C’est la fin d’un débat qui dure depuis des années en Indonésie : depuis le 20 mai dernier, relate Églises d’Asie, les citoyens indonésiens peuvent laisser un blanc en face de la rubrique « religion » de leur carte d’identité ou inscrire la religion de leur choix, y compris si celle-ci ne fait pas partie des six religions officiellement reconnues.
La mesure étant très sensible, précise Églises d’Asie, le ministre de l’Intérieur Tjahjo Kumolo a pris soin de rester sur un terrain technique pour justifier l’abrogation de cette obligation en la présentant comme étant de nature « administrative ». Il a expliqué que l’objectif recherché était de disposer d’informations précises pour les rites funéraires à observer en cas de décès.
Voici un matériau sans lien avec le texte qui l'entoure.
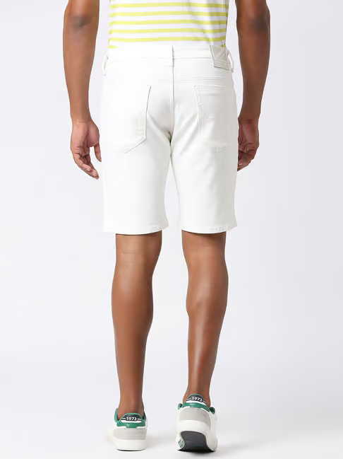 Spend your Sunday outings in your naturally carefree yet stylish element with this awesome pair of white denim shorts from the house of Pepe Jeans. Finely tailored in premium stretch cotton for unmatched flexibility and a soft yet enduring shell replete with superb comfort, their well cut skinny fit design accords them snugness and a young, dynamic look . Pair them with a polo t-shirt and boat shoes to step out in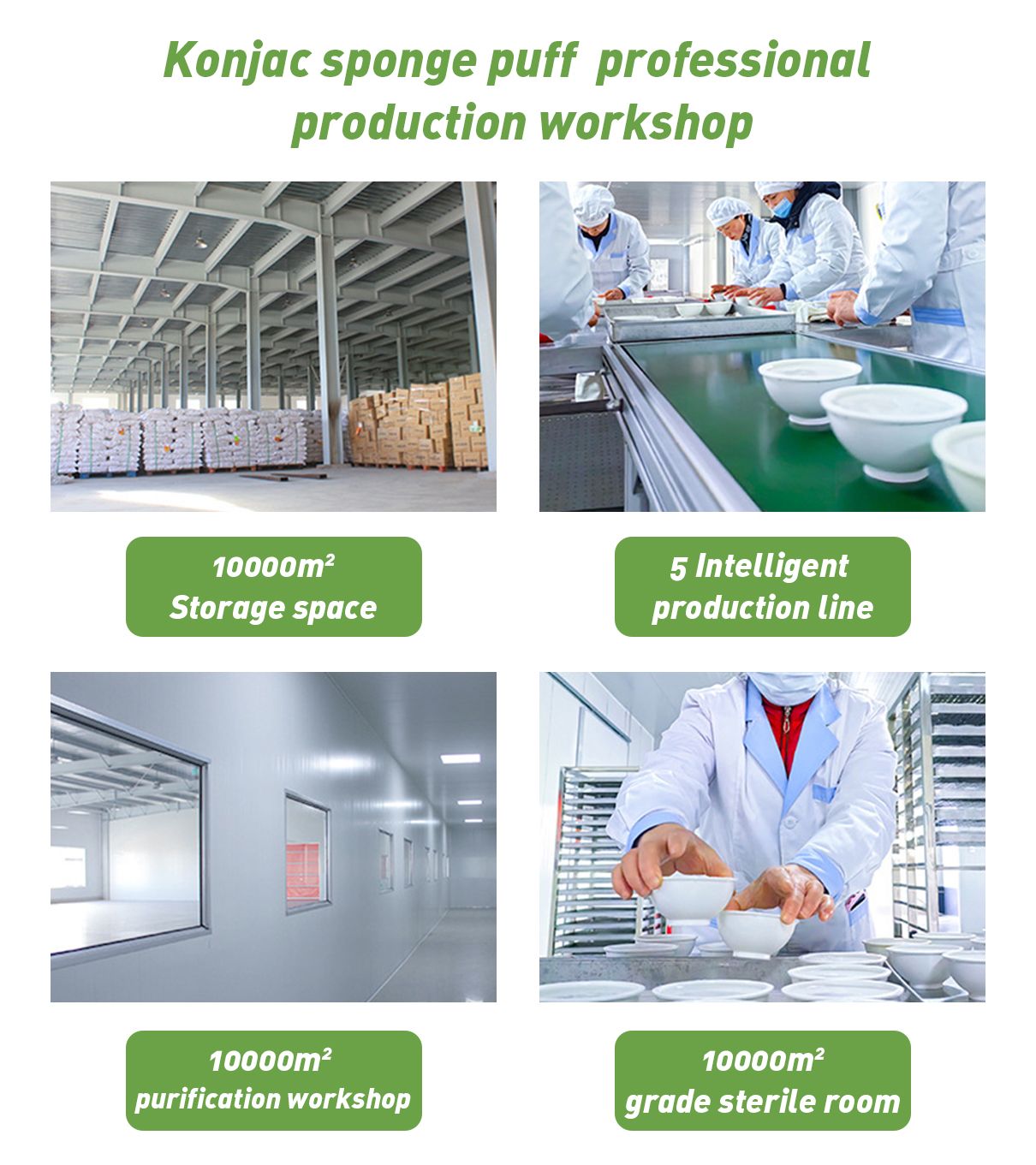 And let's not forget our **10,000m² grade sterile room**! Here, we maintain the highest levels of sterility to guarantee that our konjac sponges are not only effective but also safe for your skin.

Et d’ajouter : « Il ne faut pas forcer les personnes, par exemple, à choisir l’islam si leur croyance ressemble aux enseignements islamiques mais ne correspond pas exactement à l’islam ; même chose pour quelqu’un qui croit à quelque chose qui est proche des enseignements du catholicisme mais qui n’est pas exactement la religion catholique. »
La mention obligatoire de la religion sur la carte d’identité n’a pas toujours eu cours en Indonésie, précise l’agence des Missions étrangères de Paris. Elle remonte au régime de l’Ordre Nouveau du président Suharto (1966-1998) et avait été instaurée alors que chaque Indonésien devait fournir la preuve qu’il n’était pas communiste : « Les communistes étant supposés athées, les Indonésiens, en indiquant sur leur carte d’identité, leur appartenance à l’une des cinq religions reconnues (islam, hindouisme, bouddhisme, protestantisme et catholicisme), montraient ainsi leur non-appartenance au communisme ». En janvier 2000, à titre de geste de considération envers la communauté sino-indonésienne, le confucianisme avait été ajouté à cette liste des religions officiellement reconnues. Il existait également une septième possibilité – inscrire l’intitulé « autre » à la rubrique « religion » – afin de permettre aux animistes de se doter d’une carte d’identité sans avoir à se reconnaître dans l’une ou l’autre des religions officiellement reconnues.
Depuis des années, cette obligation de mention de la religion – dont Églises d’Asie s’est régulièrement fait l’écho – était vivement critiquée par certains et ardemment défendue par d’autres. Les opposants à cette obligation indiquaient que celle-ci conduisait les millions d’Indonésiens adeptes des cultes non reconnus officiellement à se déclarer musulmans, la religion dominante du pays, afin d’avoir accès à des emplois dans la fonction publique et à d’autres services dont ils sont souvent écartés (soins, éducation, etc.). Ils ajoutaient que les membres de communautés religieuses stigmatisées (comme certains chrétiens dans des régions fortement islamisées ou des minorités issues de l’islam) se trouvaient contraints à se déclarer musulmans pour échapper aux persécutions.
Pour les partisans de la mention de la religion, cette mesure était au contraire nécessaire car, elle permettait de « connaître la religion de chaque citoyen, ce qui permet d’être plus ouvert à la tolérance ». Pour d’autres, elle contribuait à empêcher de nombreuses illégalités, notamment les mariages interreligieux illégaux.
La portée de la mesure prise le 20 mai reste à définir, mais, selon les commentateurs indonésiens, elle ne pourra pas rester sans conséquences. Le recensement de 2010 indiquait que sur les 237 millions d’Indonésiens, 86% étaient musulmans, 6% protestants, 3 % catholiques et 2 % hindous. Et Églises d’Asie de conclure : « Étant donné le nombre supposé important de citoyens se déclarant musulmans depuis l’époque de Suharto par crainte de subir des violences ou des discriminations, la suppression de l’indication de la religion sur la carte d’identité pourrait redessiner le paysage religieux de l’Indonésie d’aujourd’hui, indiquait le Jakarta Post en décembre 2013 ».